2.1. FTIR Spectral Analysis

FTIR spectra of HEC, AMPS, EGDMA, RPA-SD, unloaded, and RPA-SD loaded hydrogels are depicted in Figure 2. According to the FTIR spectrum of AMPS, a vibration band was observed at 1461 cm⁻¹, which was associated with CH₂’s binding vibration. The bands observed at 1360 cm⁻¹ corresponded to -C-O stretching vibrations, whereas the characteristic bands at 2981 cm⁻¹ reflect -CH stretching of -CH₂. The band observed at 1230 cm⁻¹ is associated with the symmetric stretching of the S=O functional group [29]. The FTIR spectrum of EGDMA showed a major band at 1713 cm⁻¹, which is due to the C=O stretching of acrylate. Furthermore, the bands at 1633, 1291, and 1153 cm⁻¹ corresponded to stretching vibrations of C=C and C–O groups, respectively. These characteristics are mostly observed in both symmetrical and asymmetric ester chains [30]. Several stretching vibration absorption bands were observed in the HEC spectrum, such as the band near 1375 cm⁻¹ belongs to C-OH, the band at 2910 cm⁻¹ is associated with C-H stretching, the band at 3418 cm⁻¹ belongs to -OH stretching vibration and the band at 1059 cm⁻¹ belongs to C-O-C stretching vibrations. Other researchers have also reported similar results [31]. The RPA-SD spectrum shows the bands at 1108, 1040, and 992 cm⁻¹, which are attributed to the stretching vibration of glycoside C-O. Furthermore, the band at 923 cm⁻¹ is attributed to the stretching vibration of the glycoside ring and the band at 1277 cm⁻¹ is attributed to the stretching vibration of ester group C-O-C [32]. In contrast to their parent components, hydrogels in their unloaded state displayed a different spectrum. The band at 1055 cm⁻¹ was associated with the presence of a C-O-C group, while the band at 1067 cm⁻¹ was associated with HEC. In addition, the vibration bands of the C-O group were observed at 1362 cm⁻¹, which are associated with the AMPS. These new bands and functional groups indicate the presence of polymers and monomers in the cross-linked hydrogel network. FTIR analysis of the RPA-SD loaded hydrogel was performed to confirm the presence of the drug (RPA-SD) inside the hydrogel network. According to the results, there was a tensile vibration of RPA-SD’s glycoside ring at 923 cm⁻¹ and the glycoside C-O at 1043 cm⁻¹ in the hydrogel network. The presence of these bands confirmed the successful loading of the drug (RPA-SD) into the hydrogel network.

2.2. TGA Thermograms

TGA was used to evaluate the thermal stability of the polymers and hydrogels (Figure 3). The TGA of AMPS revealed a weight loss of 6% as the temperature reached 208 °C; AMPS dehydrated to a further 20% between 210 and 250 °C, thus resulting in a weight loss of 20%; similarly, at 340 °C, the sulfonic acid group began to decompose, leading to a weight loss of 20% between 250 °C and 340 °C [33]. In the first stage of the TGA of HEC, the sample loses 4.1% of its weight due to the evaporation of the solvent in the sample.
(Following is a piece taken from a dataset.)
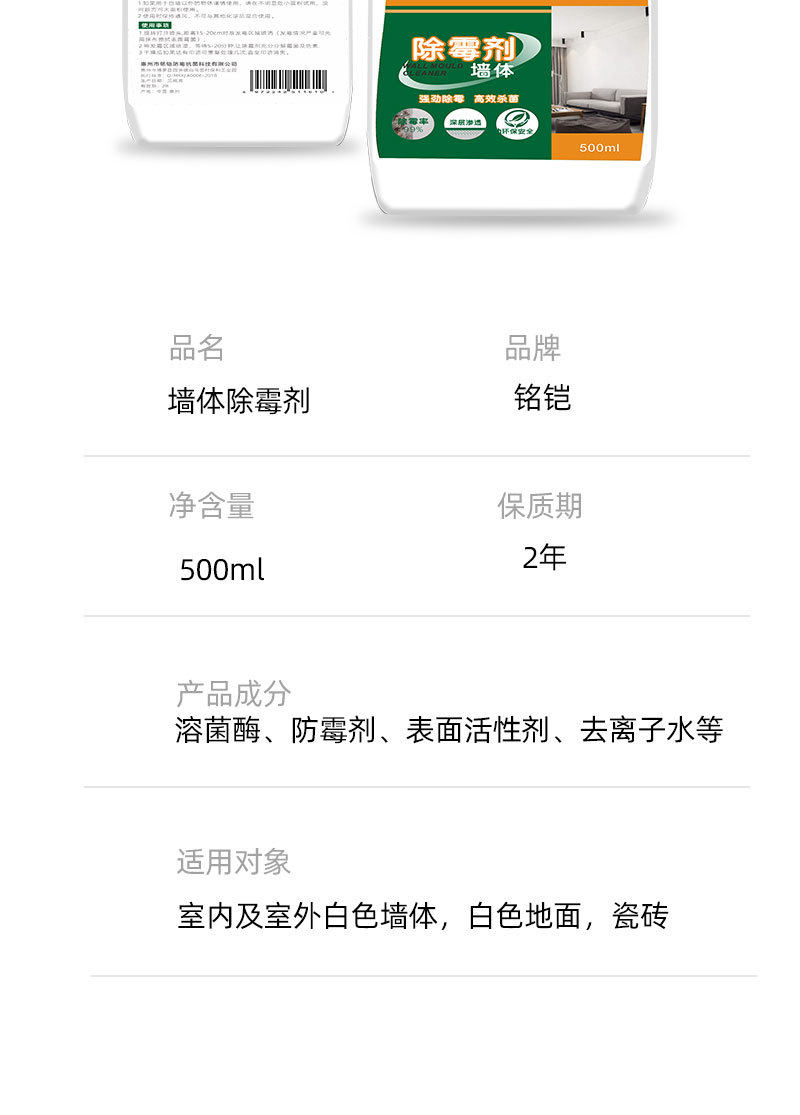 1,常规发霉:1KG/60平方,一桶可消除约1500平方米的墙体霉斑;

In the second stage, the sample loses 75.1% of its weight due to the decomposition of the sample. These outcomes are comparable to those observed by other groups [34]. The RPA-SD-loaded hydrogel was found to lose weight by 15% at 28 to 167 °C due to dehydration, followed by 44% at 167 to 314 °C as a result of polymer bond breakdown. Polymer networks disintegrated gradually at 319 °C and continued to degrade until the polymer skeleton was completely broken down. Unloaded hydrogels experienced a 14% weight loss at temperatures between 28 and 354 °C due to dehydration, followed by a 23% weight loss between 354 and 366 °C due to polymer bond breakdown. At a temperature of 366 °C, the polymeric network decomposes gradually and continues until the polymer’s backbone has been completely broken down. The thermal profile of hydrogels with a large residual weight suggests that the produced polymeric matrix is more resistant to thermal decomposition than the reactants over the full temperature range tested. In addition, because of the increased strength and contact between the polymer and monomer, a hydrogel will degrade at a higher temperature and at a slower rate than separate reactants [35]. The increased thermal stability results from the transfer of endothermic peaks to higher temperatures, forming a stiff network.

2.3. DSC Study

The DSC thermogram of HEC exhibited a melting peak at 121.72 °C, corresponding to its glass transition temperature, and a degradation peak at 182.18 °C, corresponding to its decomposition temperature [36]. The AMPS results revealed a sharp endothermic peak at 202 °C, indicating dehydration [37]. An exothermic peak was observed at approximately 315 °C for the hydrogels obtained. These exothermic peaks of hydrogels suggest that the polymers were cross-linked, and the newly formed structure confers thermal stability on the formulation (Figure 4). A DSC analysis of the synthesized hydrogels indicates that the formulation has a higher glass transition temperature than its parent components. This demonstrates that the components are more compatible and form a rigid network structure due to increased hydrogen bonds between the molecules. As a result, the resulting polymeric network is more thermally stable [38].

2.4. XRD Studies

Figure 5 shows the XRD spectra of the polymer, RPA-SD, and synthesized hydrogels. The HEC diffractogram indicates that the polymer exhibits strong semi-crystalline properties and has a peak value of 2θ = 21.3°, which is consistent with findings by others [39]. The XRD diffractogram of unloaded hydrogel shows one broad peak at 2θ = 20.68°, which indicates an amorphous nature. On the other hand, the diffraction spectrum of pure RPA-SD displays peaks at 2θ = 21.14°, which indicates an amorphous nature. However, the diffractogram of RPA-SD loaded hydrogels shows only one broad peak at 2θ = 21.10°, whereas no other peaks of RPA-SD were displayed in its respective region, which might be due to the physical interaction of RPA-SD with the polymer matrix that affected drug purity and reduced crystal lattice characteristics.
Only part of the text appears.